Saudades e ruídos no adeus a Marisa Letícia
Haroldo Lima, no Blog do Renato
As circunstâncias que levaram Marisa Letícia a um
AVC e acontecimentos ocorridos após sua internação no Hospital Sírio Libanês e
depois de sua morte, leva-nos a constatar o caráter odiento de um tipo de
cidadão que está se manifestando hoje no Brasil, um cidadão desumanizado.
Marisa Letícia foi operária aos 13 anos de idade
na fábrica Dulcora, em São Bernardo. Na militância sindical, fez curso de
Política dado pela Pastoral Operária de seu município. Esteve na criação do PT.

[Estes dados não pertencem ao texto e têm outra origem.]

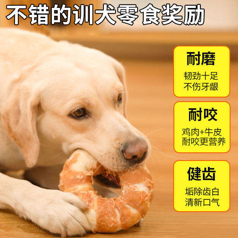 Лакомства для собак, палочки для прорезывания зубов, куриные пончики, лакомства для чистки зубов для домашних животных, жевательные конфеты для собак из воловьей кожи, универсальные для собак больших и маленьких размеров.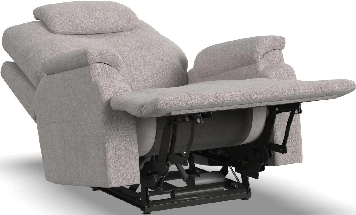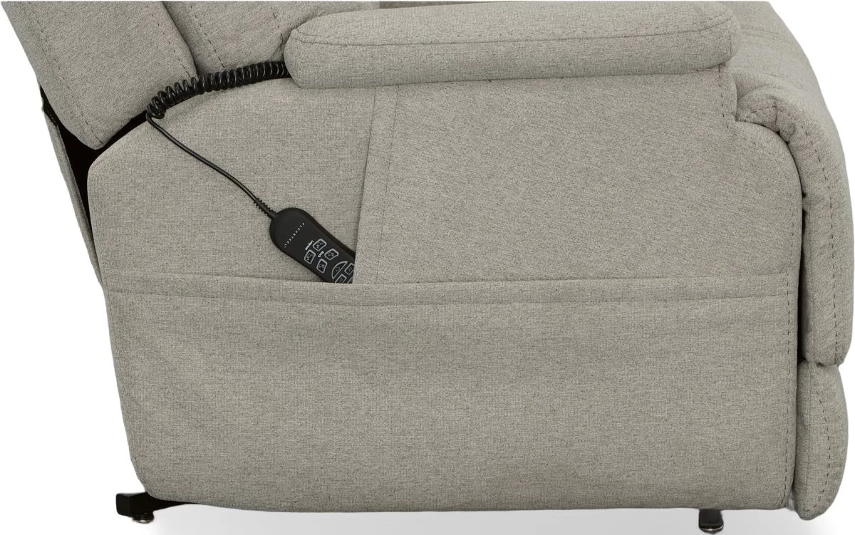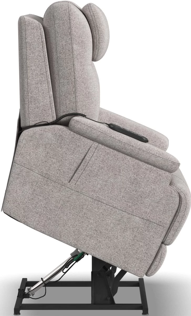 The zoned memory foam comfort areas in the backrest and seat, padded arms, and waterfall chaise provide surrounding comfort. Triple power lets you customize the footrest, headrest and lumbar positions, Zero Gravity puts you in a state of weightlessness, and power lift provides assistance when standing. This recliner is armed with reliable performance fabric upholstery that repels stains and spills, while being easy to clean. Complete with our Blue Steel Spring at its core, you will achieve full relaxation and rest peacefully with the Zecliner.

Casou-se com Lula e foi sua companheira por 43 anos. Era uma pessoa doce e
afável, delicada e cortês, mãe de família pressurosa, e era também uma mulher
de fibra, de opiniões e de luta. Por que sua agonia final, que a todos
entristeceu, provocou grosseria e estupidez em alguns? Isto tem a ver com a
forma grotesca com que se tem combatido vitórias sociais conquistadas há pouco
em nosso país.
A partir de 2003, com Lula na presidência,
promoveu-se no Brasil a maior inclusão social de sua história, com a
retirada da extrema pobreza de cerca de 40 milhões de brasileiros.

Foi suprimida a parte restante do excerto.